Sem luz Falta de água, prejuízos e dificuldades para cuidar de idosos e crianças são relatos de moradores no terceiro dia sem energia elétrica após a ventania; Enel diz trabalhar para restabelecer serviço
FOTO: Denis Maciel/DGABC

Sem energia elétrica há três dias, o pedreiro Anderson Braga Barbosa, 43 anos, tenta manter a rotina no terreno onde vive com outras três famílias, no bairro Baraldi, em São Bernardo. A principal preocupação é o pai, Sebastião Barbosa, 71, acamado há cerca de cinco anos após dois AVCs (acidentes vasculares cerebrais) e dependente de cuidados diários. Com a ausência de luz, a bomba do poço não funciona, e a água, essencial para a higiene e a alimentação, passou a ser retirada com baldes, apenas para o básico.
No local, vivem cerca de 16 pessoas, entre elas, crianças pequenas. À noite, a falta de iluminação deixa a área completamente no escuro, e dificulta ainda mais a rotina da família. Segundo o filho, o problema também compromete o acesso à comunicação e a possibilidade de socorro em caso de emergência. “Se alguém passar mal aqui, a gente não tem nem como ligar para pedir ajuda”, relatou.
A falta de luz também interfere diretamente na segurança e no conforto do pai do pedreiro dentro de casa.
Com mobilidade reduzida, ele depende de iluminação adequada para evitar quedas. À noite, a família busca não acender velas no interior do imóvel por receio de acidentes, o que obriga o filho e os demais moradores a realizar os cuidados quase no escuro.
A situação enfrentada pela família se repete em diferentes bairros do Grande ABC desde a passagem de um ciclone extratropical pelo Estado na quarta-feira (10). De acordo com Inmet (Instituto Nacional de Meteorologia), as rajadas de vento chegaram a 98 km/h e provocaram a queda de árvores e danos severos à rede elétrica.
NÚMEROS
Até as 20h de sexta-feira (12), milhares de moradores ainda estavam sem energia na região. Segundo dados da Enel Distribuição São Paulo, São Bernardo concentrava 43.396 imóveis impactados. Em Santo André, eram 16.085 clientes; em Diadema, 11.940; em São Caetano, 4.612; em Mauá, 2.566; em Ribeirão Pires, 2.204; e em Rio Grande da Serra, 425.
Na Rua Coronel Seabra, em Santo André, a assistente social aposentada Maria do Carmo Ribeiro, 71, afirmou que moradores de parte do quarteirão se encontravam havia cerca de 58 horas sem energia, enquanto vias próximas já estavam com o serviço restabelecido. Segundo ela, a interrupção ocorreu após a queda de uma árvore sobre uma residência e levou ao desligamento preventivo da rede elétrica.
A moradora contou que, mesmo após a retirada da árvore com apoio da Prefeitura, o trecho onde vive não teve a energia religada. “Vieram dois caminhões da Enel, ficaram o dia todo esperando a limpeza terminar e, quando religaram, nosso pedaço ficou de fora”, relatou. Maria disse já ter registrado ao menos cinco protocolos junto à concessionária, sem retorno sobre a situação.
Ela afirmou ter perdido alimentos armazenados no freezer e também o receio de que eletrodomésticos sejam danificados quando o fornecimento for retomado. Segundo a moradora, técnicos estiveram no local, mas não apresentaram explicações sobre o motivo de a rua continuar sem energia.

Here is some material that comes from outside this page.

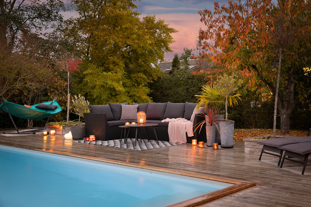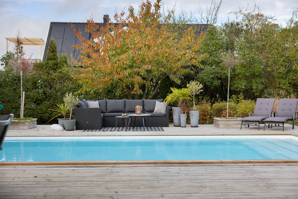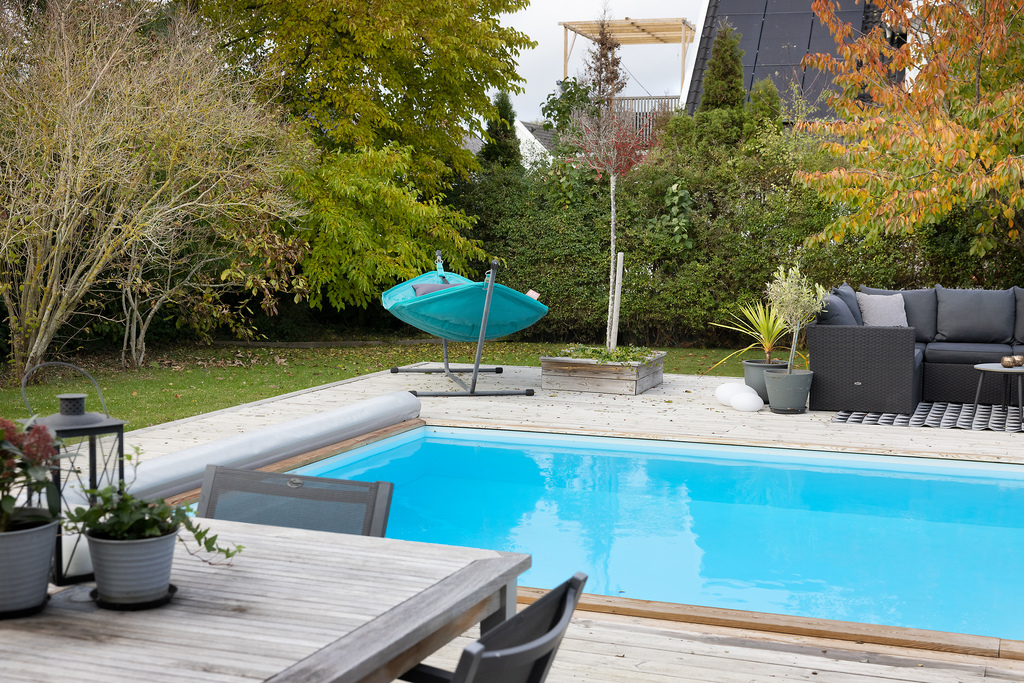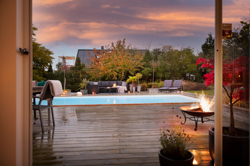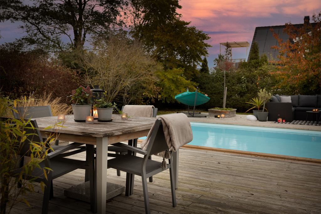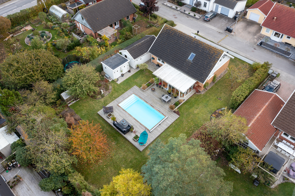 Poolområdets optimala läge erbjuder sol från morgon till kväll! Trädäcket löper runt om hela poolen och sträcker sig vidare hela vägen till uterummet. Här finns utrymme till loungemöbler, solsängar och matplats m.m. - bara fantasin som avgör.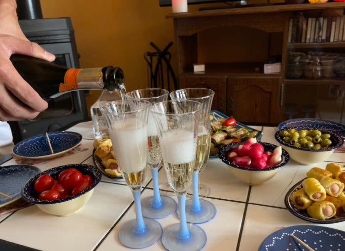 우리는 둘러앉아 샴페인을 마셨다.

Na Estrada do Rio Acima, também em São Bernardo, a administradora Tatiana Bomfim, 47, relatou que as interrupções no fornecimento são frequentes, mesmo em dias sem chuva ou vento. De acordo com ela, desde a entrada da Enel, o bairro passou a registrar quedas constantes de energia. “Meu freezer já descongelou. Perdi toda a comida que iria até o Natal”, afirmou.
Tatiana destacou que a principal dificuldade enfrentada pelos moradores da região, neste terceiro dia sem fornecimento de energia, é a falta de água. A maioria das casas utiliza poços, que dependem da eletricidade para funcionar. “Tem gente sem água para beber ou cozinhar. Não é só banho, é sobrevivência”, disse.
Em nota lançada nesta sexta-feira, a Enel Distribuição São Paulo informou que já restabeleceu o fornecimento de energia para cerca de 1,8 milhão de clientes, dos 2,2 milhões afetados pelo ciclone extratropical em sua área de concessão.
A empresa afirmou ainda que, ao longo do dia seguinte ao evento, cerca de 500 mil novos chamados foram registrados em razão da continuidade dos ventos.